ArcGIS Server has settings to control this behavior, so there are less of these abandoned requests being worked on, but it is also a best practice to control this at the load balancer level via its ability to throttle. 

Esri does not have a numerical recommendation because it depends a lot on the specific architecture and the types of requests coming in, but it is typical to throttle at a significant lower value than Network Admins would typically do for a Web Server.

This is beyond the control of the Network Administrator, but the client applications should be written to handle a throttling event and do re-tries in increasing time intervals (e.g. first time you can immediately re-try, second time you wait a second, third re-try wait 5 seconds, etc.).

Sticky Sessions 

Esri does not recommend sticky sessions except in very rare circumstances. Sticky sessions can theoretically overload a machine.  Esri has conducted load tests using sticky sessions to see if we found results that would overload our GIS Server, and this did not occur. We have also not received any customer complaints. That said, since our software is stateless we do not see the value in using sticky sessions. 

Layer 4 vs. Layer 7 

The final setting to mention is whether the load balancer does a "level 7" approach or a "layer 4" approach.  This can be a debate among Network Administrators, but below is a concise summary of the situation describing the differences and advantages of each.

A layer 7 load balancer understands http and https, it therefore decrypts https content and then re-encrypts it.  Because it understands http and https it can cache content and save requests going to the backend server. 

A layer 4 load balancer views all the traffic as TCP packets and has no idea what the packets mean; they could be for ftp, https, smtp, but this does not matter to a layer 4 load balancer.  As a result, it doesn't need to understand the http payload and can be faster.

ArcGIS Server can work with either approach and there is no recommendation on this setting for Network Admins, but there are some pieces of information that an Admin will want to be aware of. 
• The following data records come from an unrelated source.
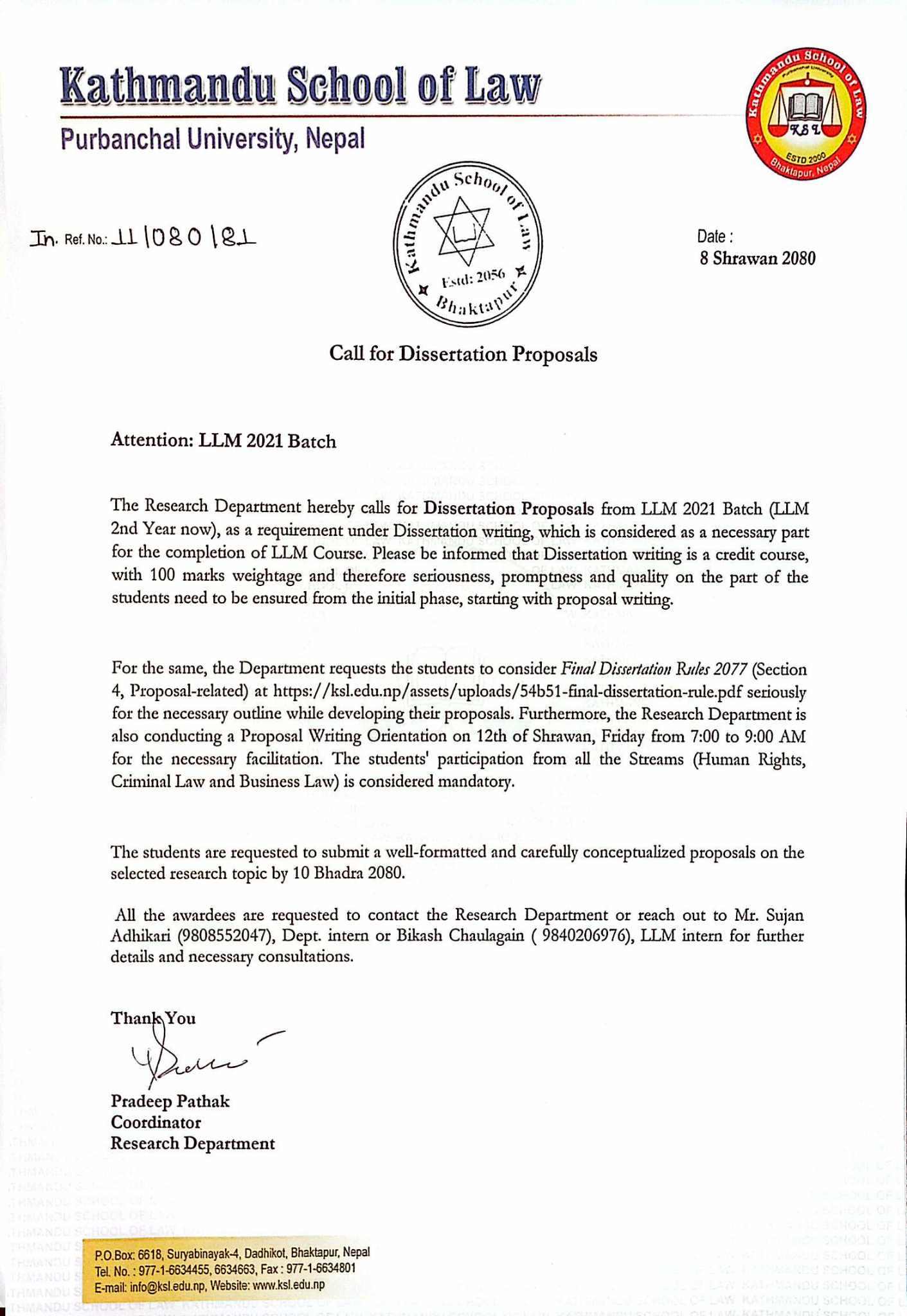 Notice: Dissertation Proposal Evaluation Result, 2082
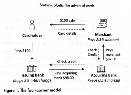 From money laundering to cryptocurrencies, this book has also sparked introspection as I reflect on my digital footprint with my handy Bank of America credit card. With the advent of the first credit card in Major’s Cabin Grill in New York in 1950, credit cards and the four corners business model have become one of the driving technologies pioneering growth in the modern era. The graph is drawn from the book and the author explains it as follows:
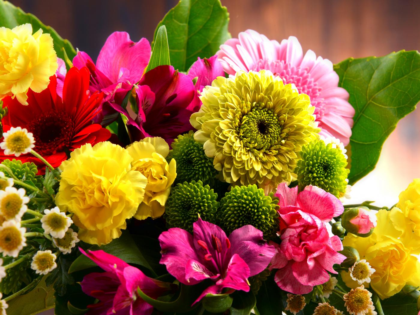 Wallpaper Bouquet with various flowers close-up
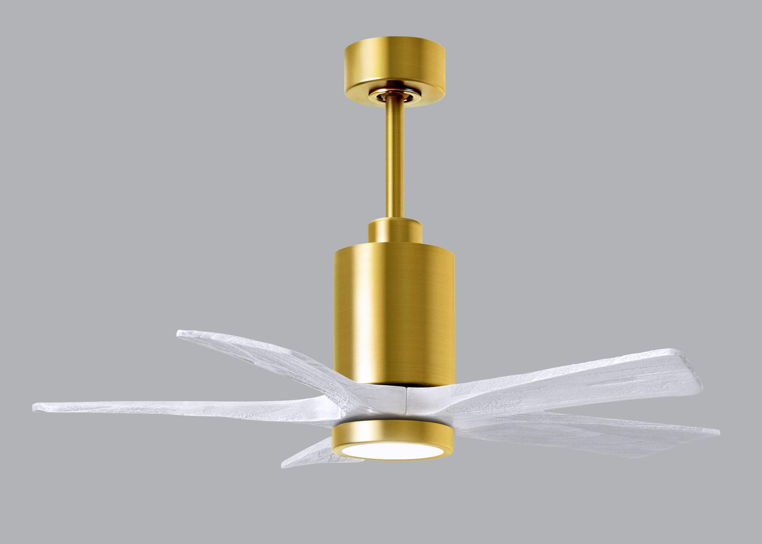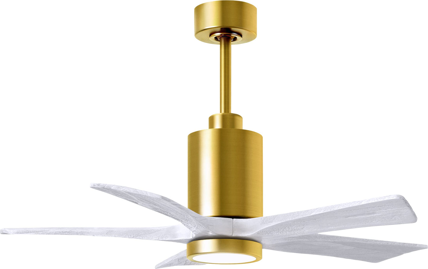 Matthews Fan PA5-BRBR-MWH-42 Patricia-5 five-blade ceiling fan in Brushed Brass finish with 42” solid matte white wood blades and dimmable LED light kit
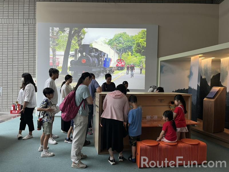 「阿里山林鐵行動學校」以行動展覽方式,攜手國立自然科學博物館與國立臺灣博物館,突破地域限制、跨館際合作。本次特展以「時光隧道中的移動風景」為主題,邀請觀眾一同走進阿里山林鐵的時空軌跡,從歷史、人文到自然景觀,探索一條橫跨地理與記憶的鐵道旅程。「林鐵探索展坊」從觀光視角切入,介紹林鐵的沿線站點、登山軌跡及鐵道知識;「翻山越嶺」則以人文藝術視角,在大隧道裝置中,觀看林鐵車輛的演變,在小隧道中感受阿里山豐富的自然生態,並透過畫作與詩歌帶領民眾認識文化底蘊豐富的阿里山。現場更設有「共創互動區」,每日限量提供專屬設計的隧道印章明信片,觀眾可自由蓋章收藏,讓參觀體驗更具互動性與趣味性。
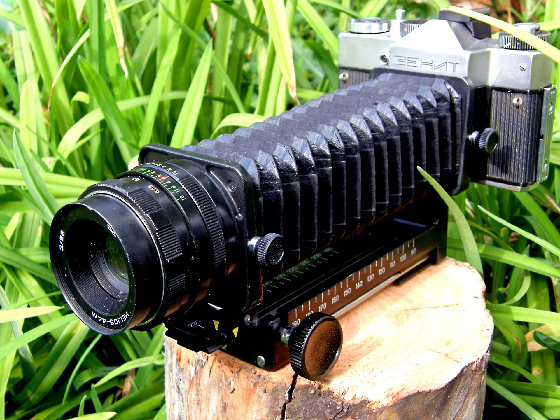 Obiettivo della fotocamera a fisarmonica zenith su un moncone su uno sfondo di erbaObiettivo della fotocamera a fisarmonica Zenith su un moncone su uno sfondo di erba
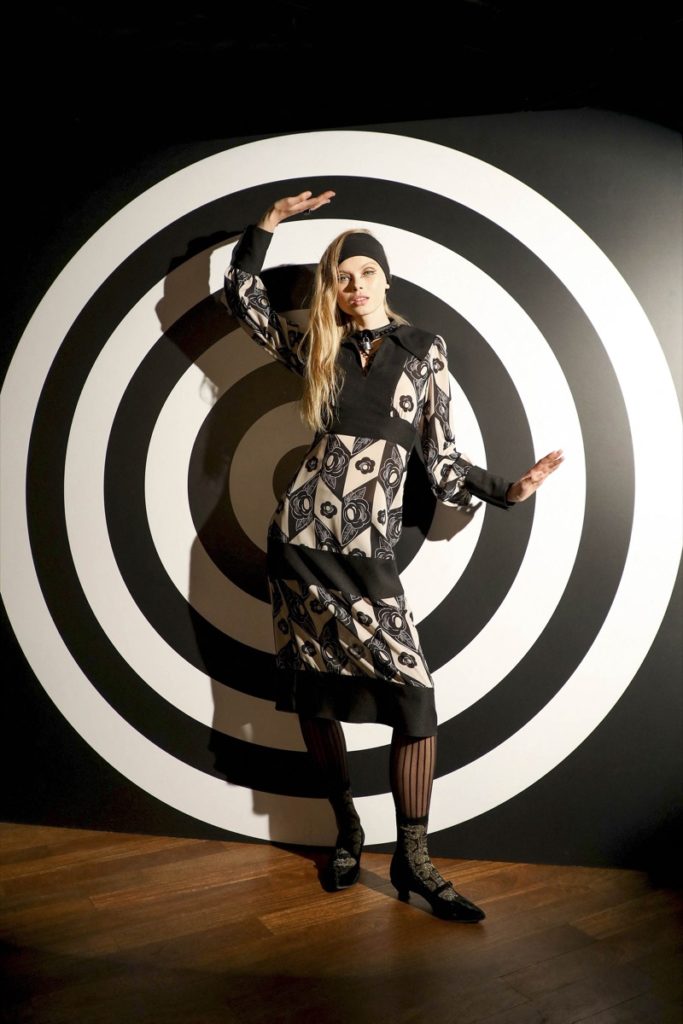"Cuando comencé a pensar en esta colección, estaba pensando en el período de New Wave. Me encantaron los artistas que hicieron todas las portadas de álbumes de The Psychedelic Furs, Billy Idol, David Bowie, que fueron Derek Boshier y Barney Bubbles. Cuando estaba mirando el arte, pensé que era muy Art Deco, así que lo mezclé; luego incorporé Mod en todo porque vi un gran documental sobre 'Ready, Steady, Go', que era un programa de televisión en Inglaterra en los años 60. Debutarían bandas: su anfitriona Cathy McGowan fue la que marcó tendencia. Tenía un corte de pelo de Vidal Sassoon y usaba Mary Quant. Lo que fuera que se pusiera marcó el ritmo y las bandas que asistieron al espectáculo fueron las número uno en Inglaterra la semana siguiente. Los Beatles, los Stones, todos los primeros grupos británicos", comentó la diseñadora.
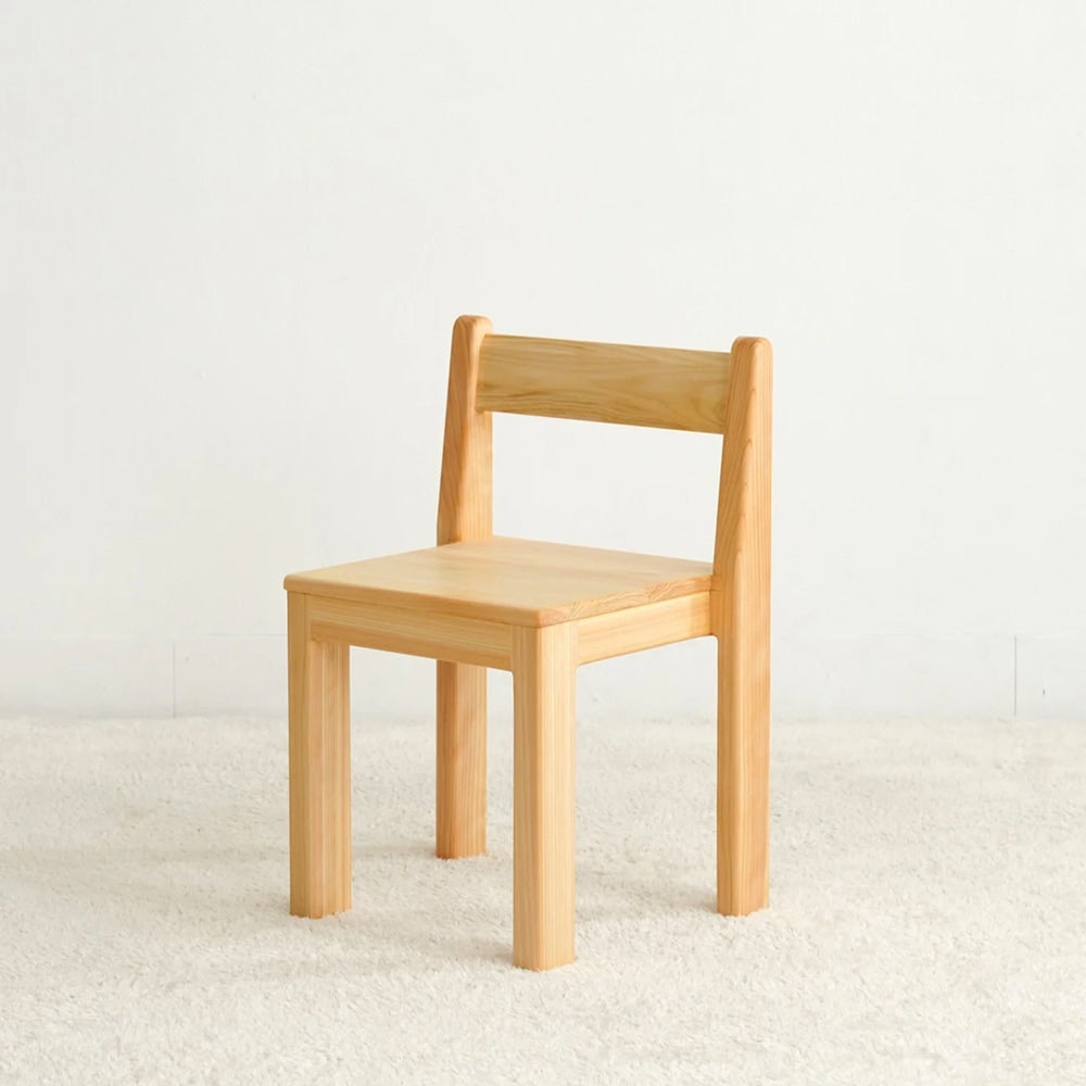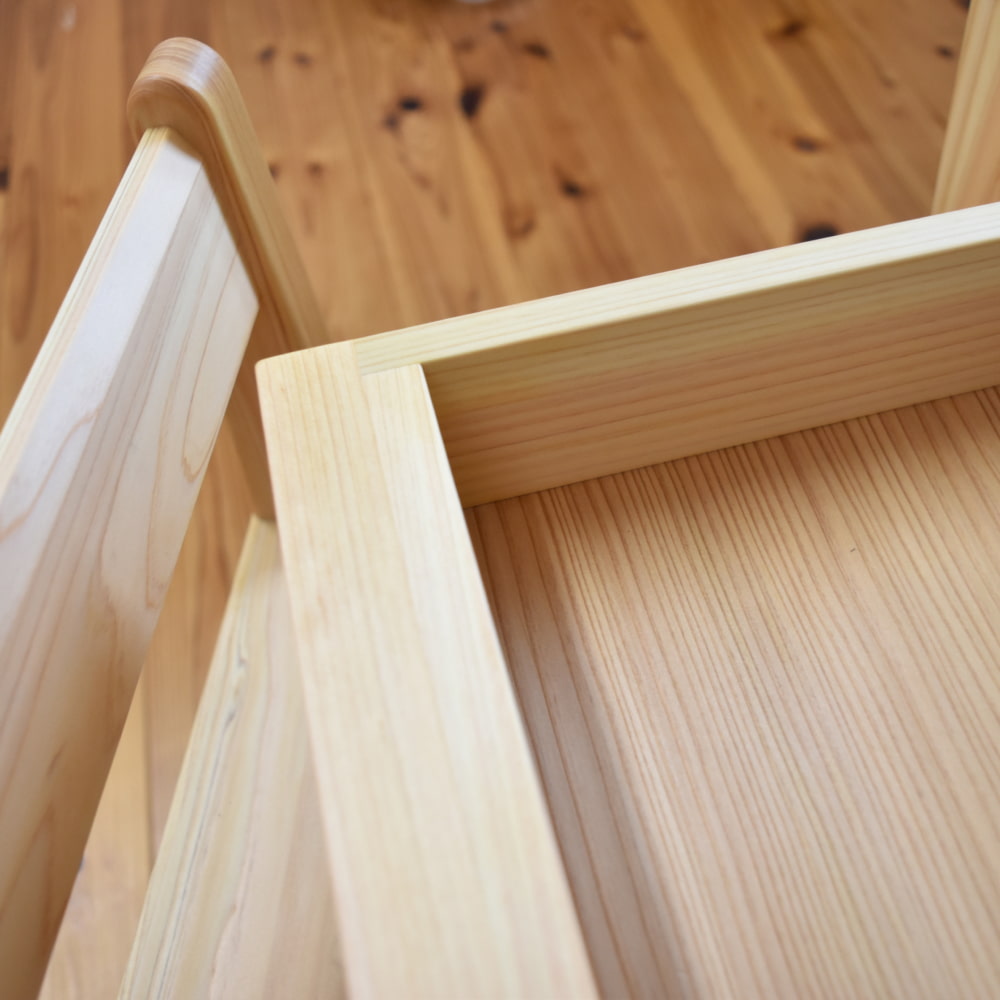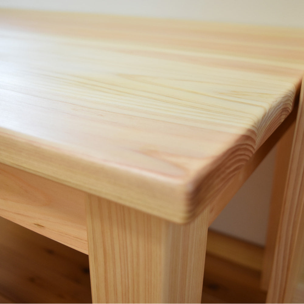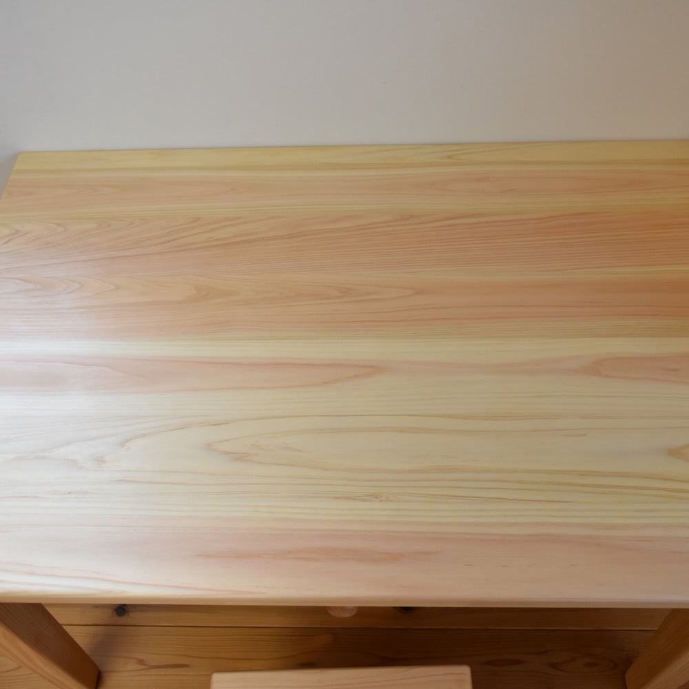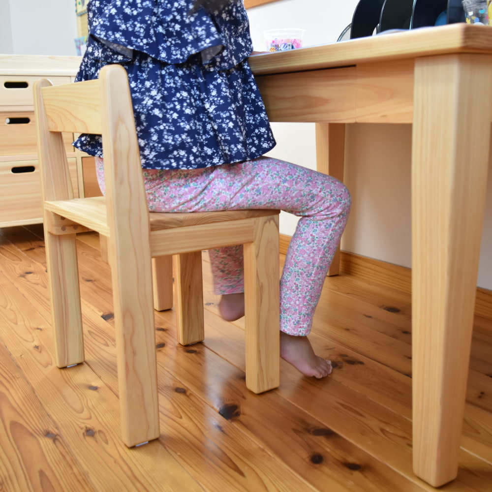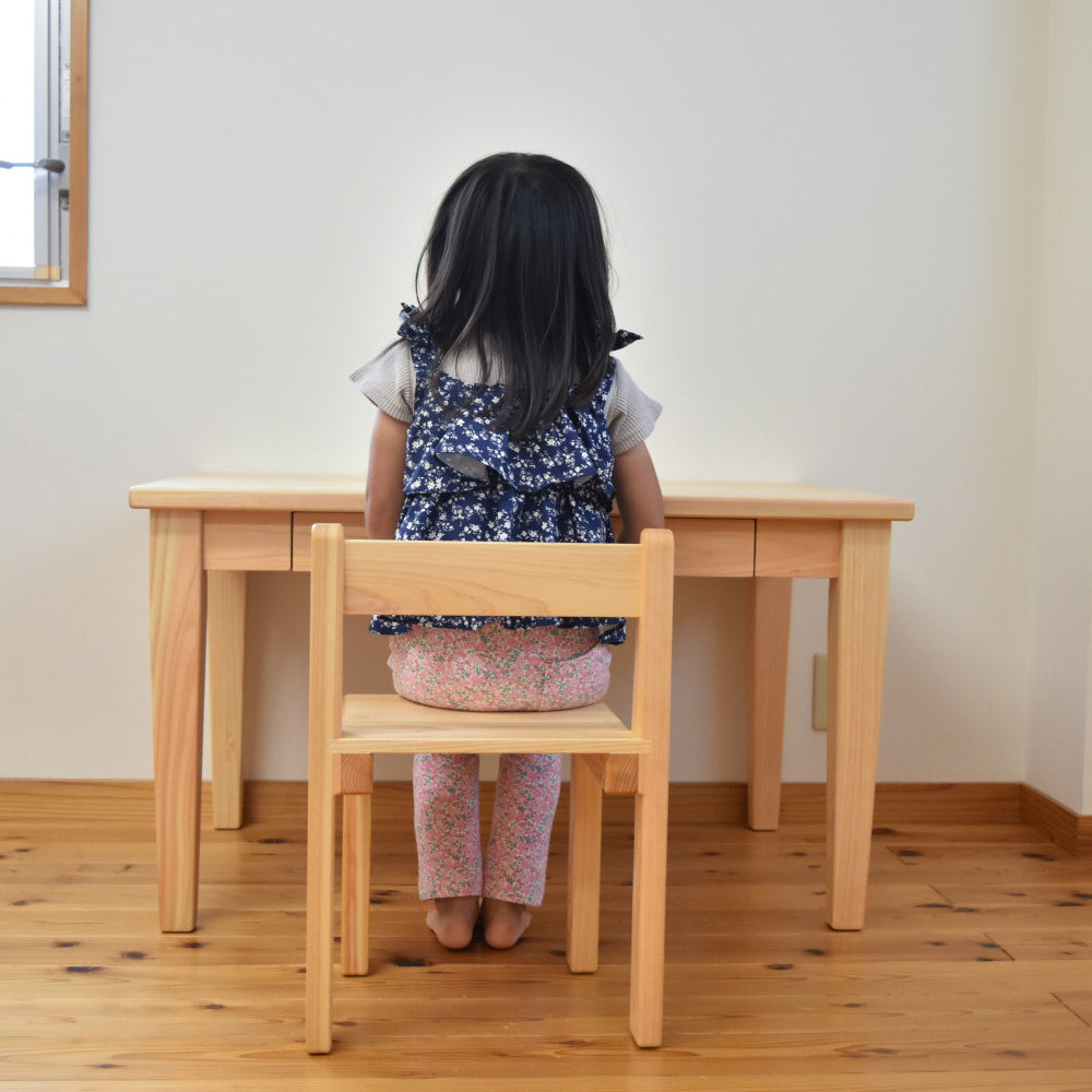セットの椅子は、保育の現場でも選ばれている「積み上げ椅子」。国産ヒノキで作られているため、金属椅子のような硬さがなく、万が一からだをぶつけても安心です。ヒノキのような針葉樹は、軽くて丈夫なのが特長。重さはわずか2kgとお子さまが自分で運べる軽さでありながら、日常使いには十分な強度があります。木ならではのやさしい質感は、はじめての学習椅子にぴったりです。
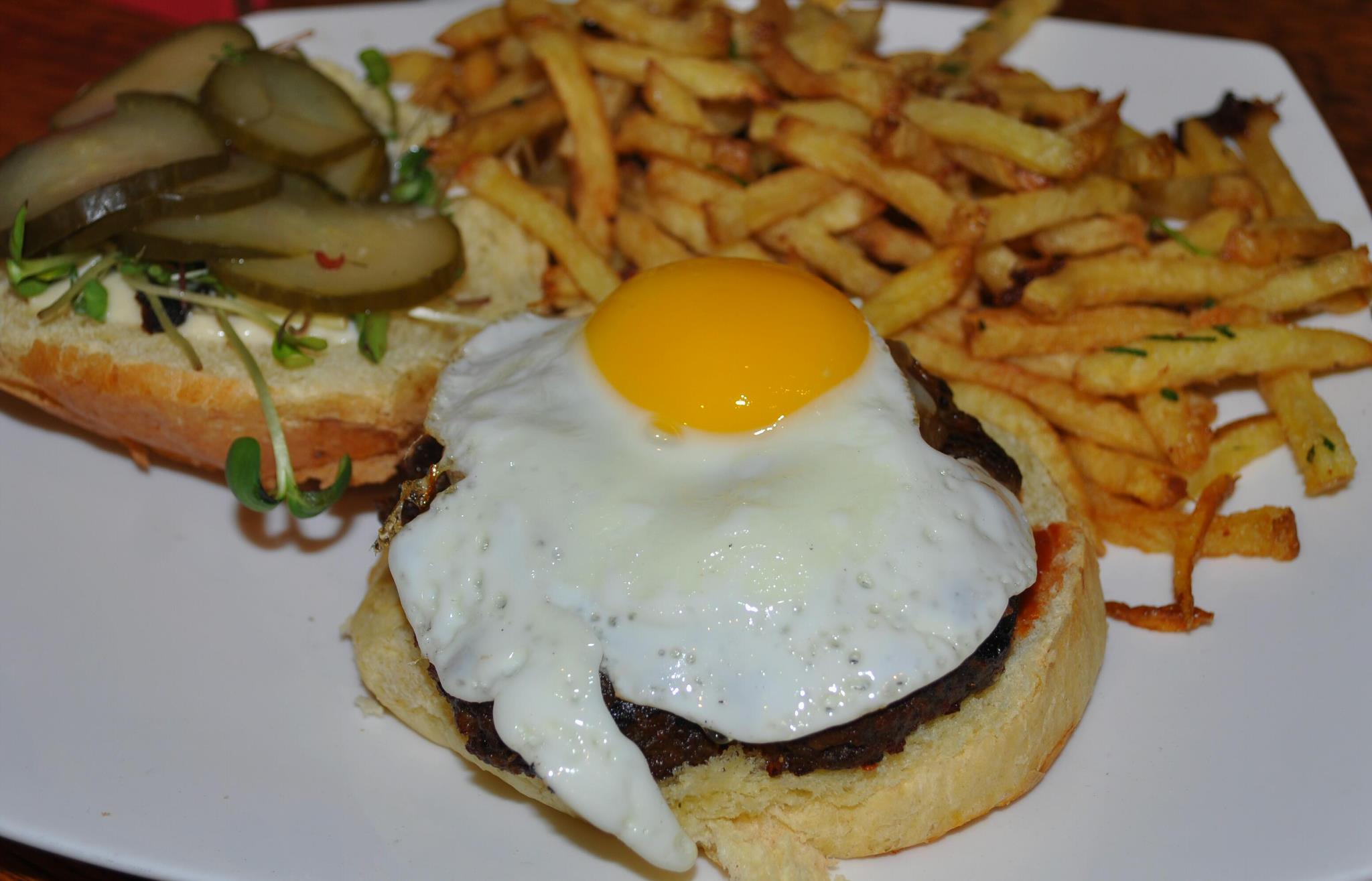 - CROQUE CHAMPIGNON (VEG) Grilled portobello mushroom, caramelized onions, arugula, triple creme brie + organic sunny egg on grilled multigrain + frites $14.5

ArcGIS Server payloads can be much larger than HTML pages, CSS, and JS content (the actual amount would be useful but is often dependent on the data the customer uses).  This means there is more CPU load on a layer 7 load balancer decrypting and encrypting on a per-request basis. 

Also, since much of ArcGIS Server data is dynamic and frequently changing, by default cache headers prohibit caching on the client and load balancer. If the data doesn't change much and the customer wants to use a layer 7 load balancer, they can change and control these cache settings. 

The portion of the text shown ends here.